Clinical Development

     The clinical trial direction of our studies has been influenced by observations that our bone marrow cell products may be suitable as an adjunct to substantial market opportunities in bone and blood vessel regeneration.

Planned Activities

     In reviewing the pre-clinical and clinical data for our bone marrow cell products in various Aastrom supported trials, we have noted a substantial increase in the mesenchymal stromal cell content. Mesenchymal stromal cells are integral for bone marrow to generate non-hematopoietic tissues such as bone and cartilage. Our bone marrow cell product had been given to one patient, on a compassionate basis, with a congenital genetic defect (hypophosphatasia) which results in a lethal condition of abnormal bone and cartilage formation. The results of compassionate use treatment, now published in the Journal of Bone and Mineral Research, demonstrated sustained bone formation in the child that has continued after expanded cell infusion.
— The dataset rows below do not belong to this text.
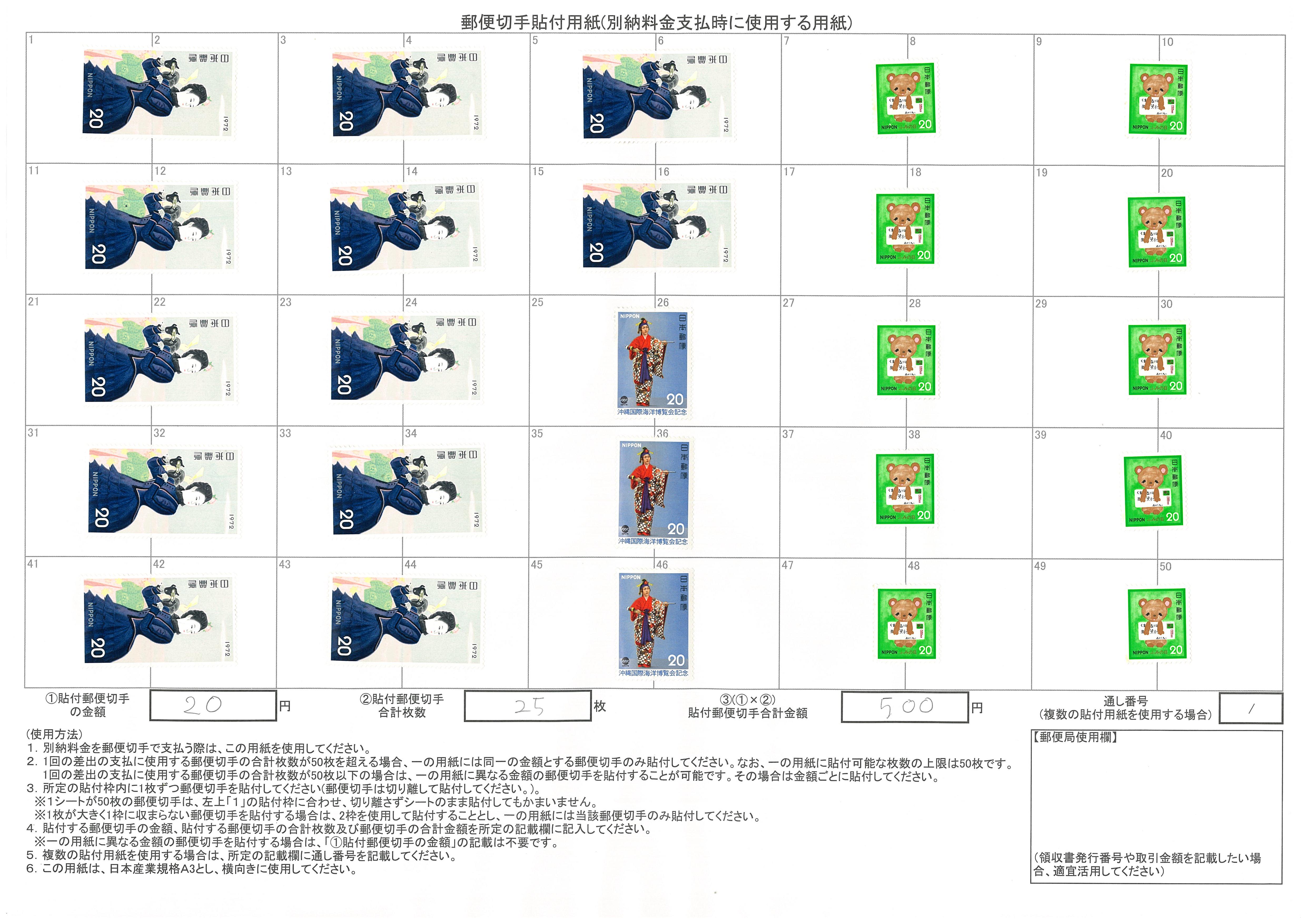 (注)50枚貼りは日本郵便所定の用紙に貼り付ける際、枠内に1枚ずつ切手を貼ってください。
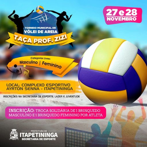Nos dias 27 e 28 de novembro ocorrerá a Taça Vôlei de Areia – Prof. Zizi. A modalidade praticada na areia foi inventada em 1895, nos Estados Unidos. Dispostos a praticar o esporte na praia, nas areias da Califórnia.
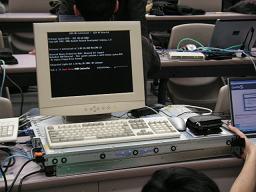 写真は、自宅からラックマウント型サーバーを持ち込んで、サーバー構築をするためにCentOSをインストールしているグループの様子です。
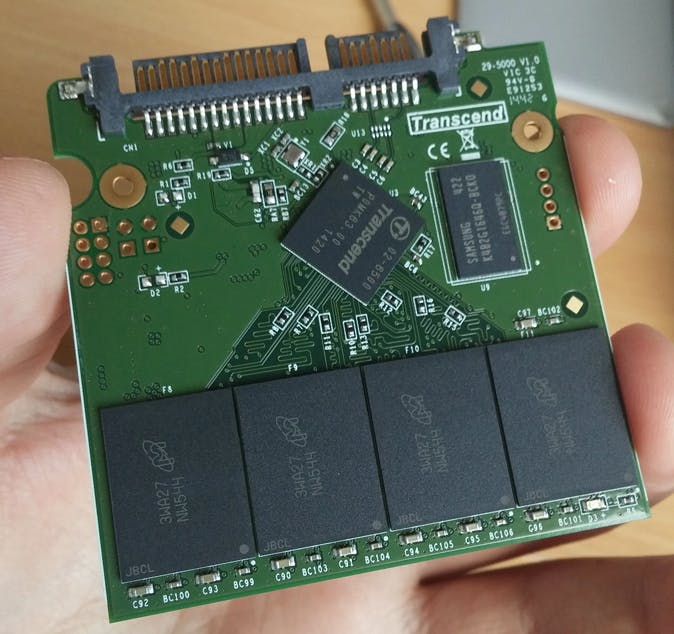 Ik heb de StoreJet uit nieuwsgierigheid ook even van binnen bekeken en zag een SSD-printplaatje met SATA-connector dat was aangesloten op een printplaatje met de Thunderbolt- en usb3.0-poorten. Voor wie het interessant vindt: de gebruikte controller is een Transcend TS6500. Deze controller wordt ook gebruikt in Transcends SSD370-productreeks. Vermoedelijk lijkt de SSD in de StoreJet 300 qua specificaties dus veel op deze normale SSD.
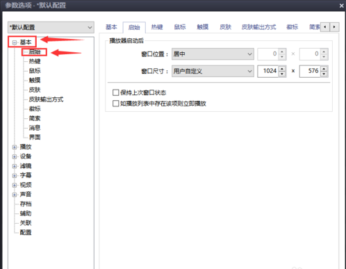 4. 点开左方框里的"基本"的扩展菜单,这里我们只需要设置"启始"和"鼠标"两项就好。"启始"是指你打开播放器后,播放器在桌面的位置,一般如图设置。
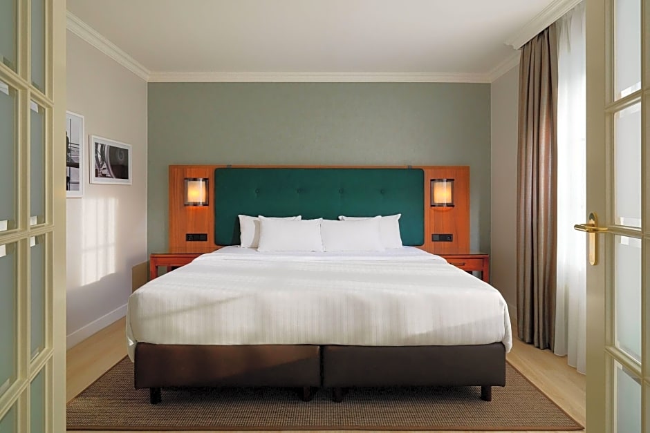 The Courtyard by Marriott Hamburg Airport offers a variety of room types including Suites, Double rooms, and TwinDouble rooms. The Suites are spacious with an average size of 495 sqft, accommodating up to 4 adults and 3 children. These rooms feature a King size bed and a sofa bed. The Double and TwinDouble rooms are smaller, ranging from 258 sqft to 323 sqft, and can accommodate 2 adults and 1 child. These rooms feature either Twin beds or a Queen or King size bed. All rooms are non-smoking.
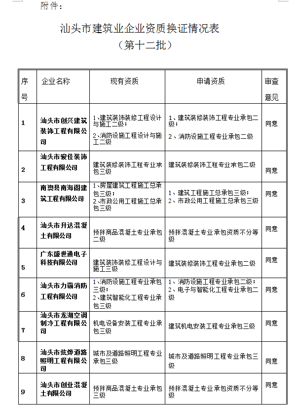 關于建筑業(yè)企業(yè)資質換證審查意見的公示(第十二批)汕住建公示 [2016]40號
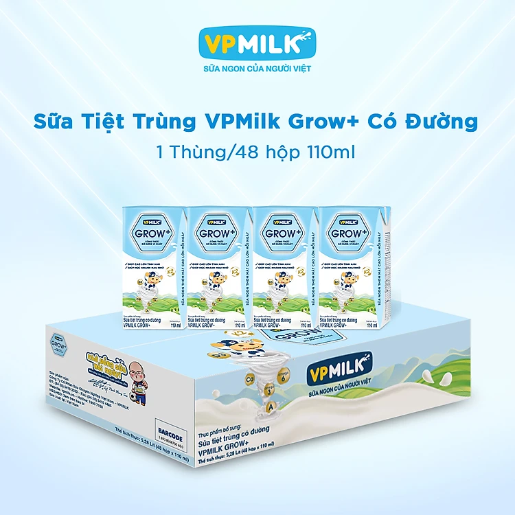 Sữa Tiệt Trùng Có Đường VPMilk Grow+ Hộp 110ml (Thùng 48 Hộp)
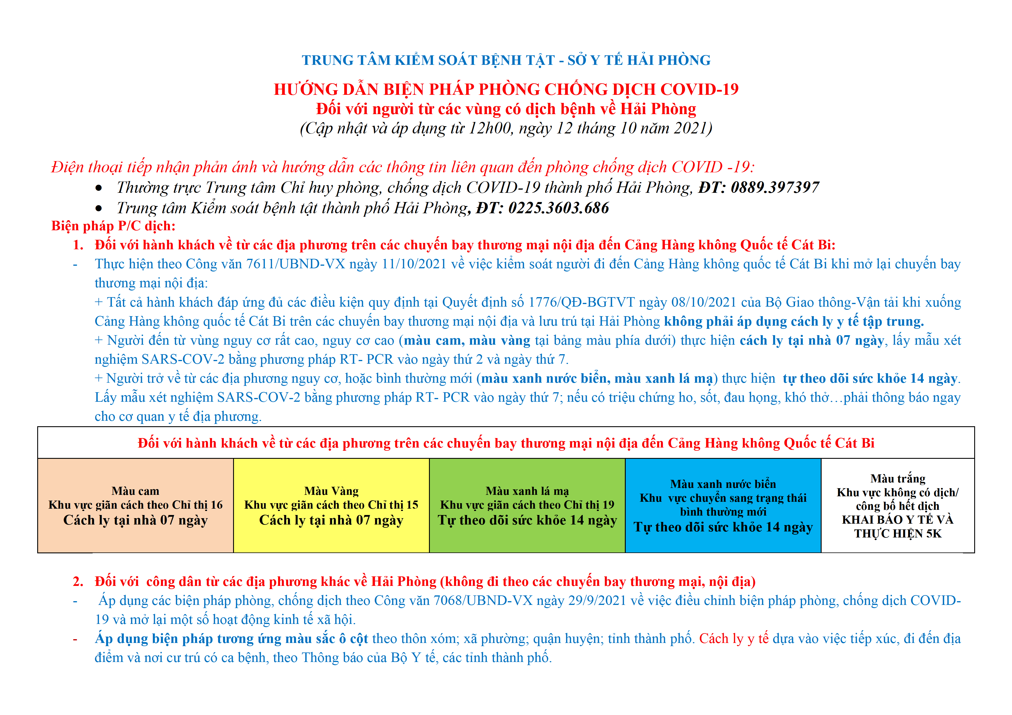 – Thực hiện theo Công văn 7611/UBND-VX ngày 11/10/2021 về việc kiểm soát người đi đến Cảng Hàng không quốc tế Cát Bi khi mở lại chuyến bay thương mại nội địa:
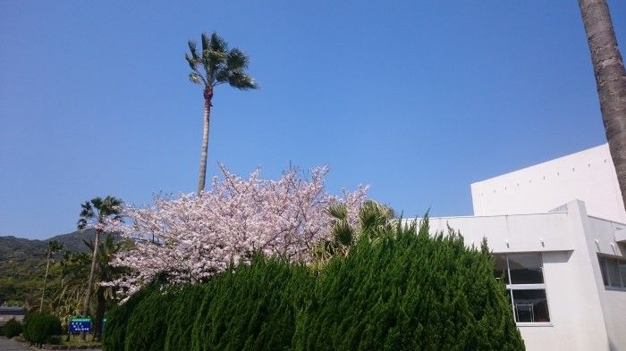 牛深の気温も上がってるが中々、桜の情報がないR266の内の原の直線も まだ 亀川ダムの桜も、まだ!牛深の空は 青空です飛行機雲もあったが 飛んで行って、消えた海彩館、支所付近で咲いてる情報あり。チラホラと咲いてました
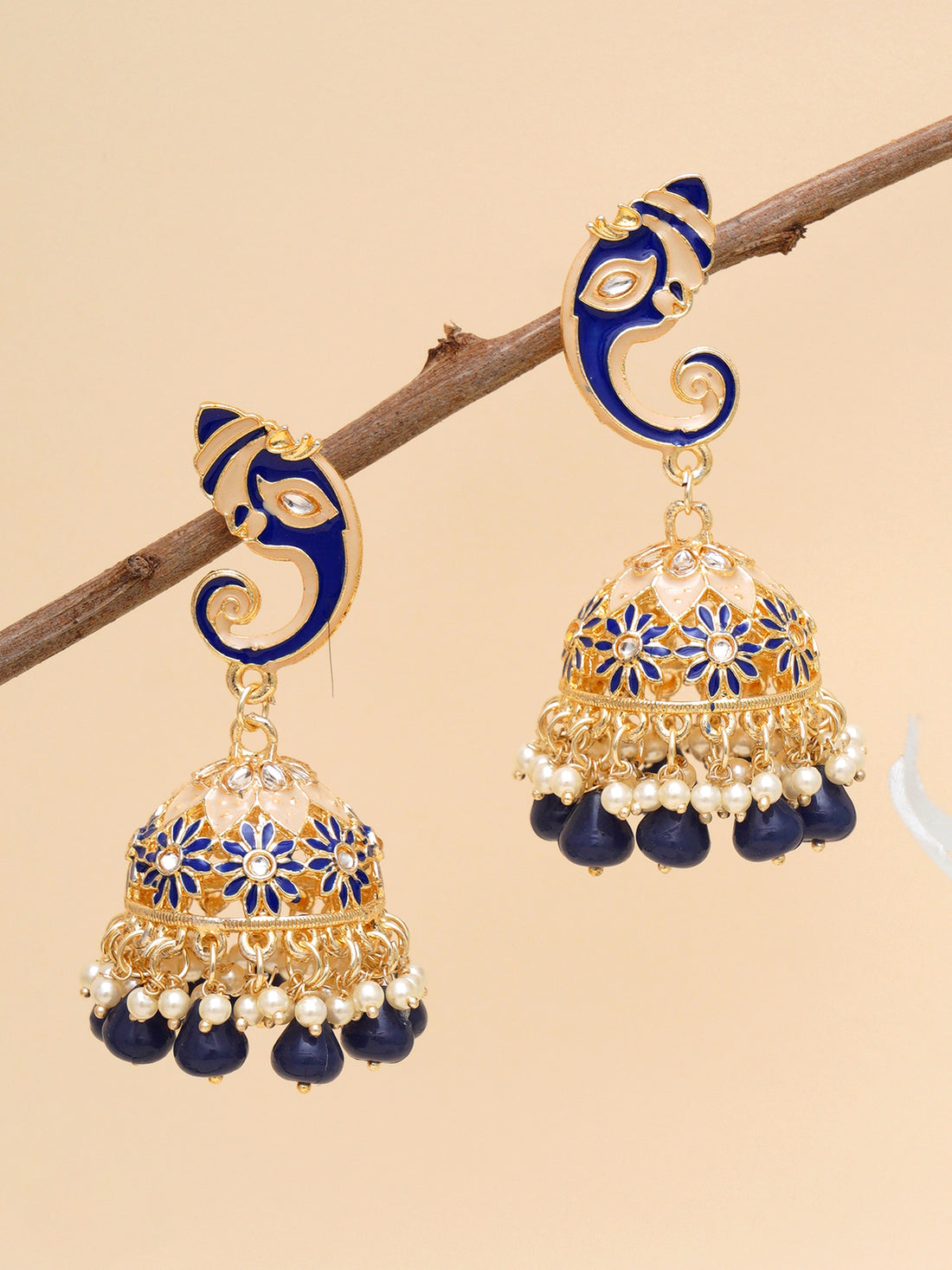Karatcart Gold Plated Blue Lord Ganesha Jhumki Earrings for Women

Subsequently, we have demonstrated in the laboratory that our expanded bone marrow cell product is capable of forming bone. Based on these pre-clinical and clinical observations, we are now preparing to initiate clinical trials, both in the U.S. and Europe, for bone regeneration in patients with severe fractures who require the addition of bone forming cells to their fracture site. The results of the fracture studies may allow our bone marrow cell product (termed “OCG-I”) to also be used as an adjunct to spinal fusion surgery after appropriate clinical trials and review by the FDA. The market for these two orthopedic procedures is substantial. We are also planning to evaluate OCG-I cells to augment dental bone engraftment treatment as a method to improve the well-being of patients.